Although the Cyber Resilience Act entered into force in 2024, its main obligations do not apply until December 2027, with vulnerability reporting obligations beginning earlier, in September 2026. Even before full enforcement, the regulation is already influencing vendors that need to show how they manage dependencies, vulnerabilities, and product security throughout the lifecycle.

ENISA’s SBOM adoption report places that change in an operational context. An SBOM is not a control by itself. A component list has limited value unless it is accurate, machine-readable, updated, linked to vulnerability intelligence, and embedded into remediation and supplier-risk workflows. The agency’s finding that organisations are investing in automation is therefore more useful than a simple count of SBOM documents.
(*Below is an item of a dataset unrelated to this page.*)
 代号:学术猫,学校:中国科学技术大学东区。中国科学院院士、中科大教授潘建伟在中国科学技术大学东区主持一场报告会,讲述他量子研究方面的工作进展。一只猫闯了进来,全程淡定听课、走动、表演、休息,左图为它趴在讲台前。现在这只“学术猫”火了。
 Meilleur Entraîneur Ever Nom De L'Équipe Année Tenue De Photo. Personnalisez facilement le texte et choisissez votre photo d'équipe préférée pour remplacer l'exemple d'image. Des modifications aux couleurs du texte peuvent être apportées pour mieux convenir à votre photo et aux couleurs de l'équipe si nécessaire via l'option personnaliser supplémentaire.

The market effect is likely to be felt first in procurement and assurance. Public bodies, regulated operators, and large enterprises increasingly need evidence that suppliers understand what is inside their products. That evidence becomes more valuable when new vulnerabilities emerge in common libraries, development frameworks, package ecosystems, or embedded components. Without reliable component inventories, buyers and operators are left asking vendors whether they are affected, often under incident pressure.
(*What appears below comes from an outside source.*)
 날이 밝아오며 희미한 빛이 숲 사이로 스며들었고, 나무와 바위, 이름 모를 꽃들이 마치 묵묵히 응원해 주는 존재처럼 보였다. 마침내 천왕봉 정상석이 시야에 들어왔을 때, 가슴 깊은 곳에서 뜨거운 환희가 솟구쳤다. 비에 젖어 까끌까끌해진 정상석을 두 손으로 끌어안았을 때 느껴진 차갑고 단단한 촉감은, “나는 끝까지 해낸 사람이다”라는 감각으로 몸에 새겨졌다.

The CRA gives those questions legal and commercial force. Manufacturers of products with digital elements will need to meet security-by-design and security-by-default obligations, while market surveillance authorities will have enforcement responsibilities. Suppliers that cannot produce credible component transparency may face friction in enterprise procurement long before regulators intervene.

Quality remains the hard part. SBOM adoption can become superficial if vendors treat it as a compliance artefact rather than an operational capability. Component names can be inconsistent, transitive dependencies can be missed, versions can drift, and vulnerability data can be noisy or incomplete. Organisations consuming SBOMs also need the capacity to process them, prioritise exposure, and distinguish theoretical vulnerability matches from exploitable risk in their own environments.

The report lands in a market that is still defining what good looks like. Software teams, product security teams, procurement functions, legal teams, and risk owners need shared expectations about formats, frequency, access, and liability. A supplier that hands over an SBOM once a year is not solving the same problem as one that provides continuous, verified component intelligence tied to patching and vulnerability disclosure.

Europe’s regulatory direction is turning software transparency into an assurance requirement. SBOMs are moving from technical inventory work into supplier-risk governance, particularly for products used in critical services, public administration, regulated financial services, healthcare, transport, and industrial environments.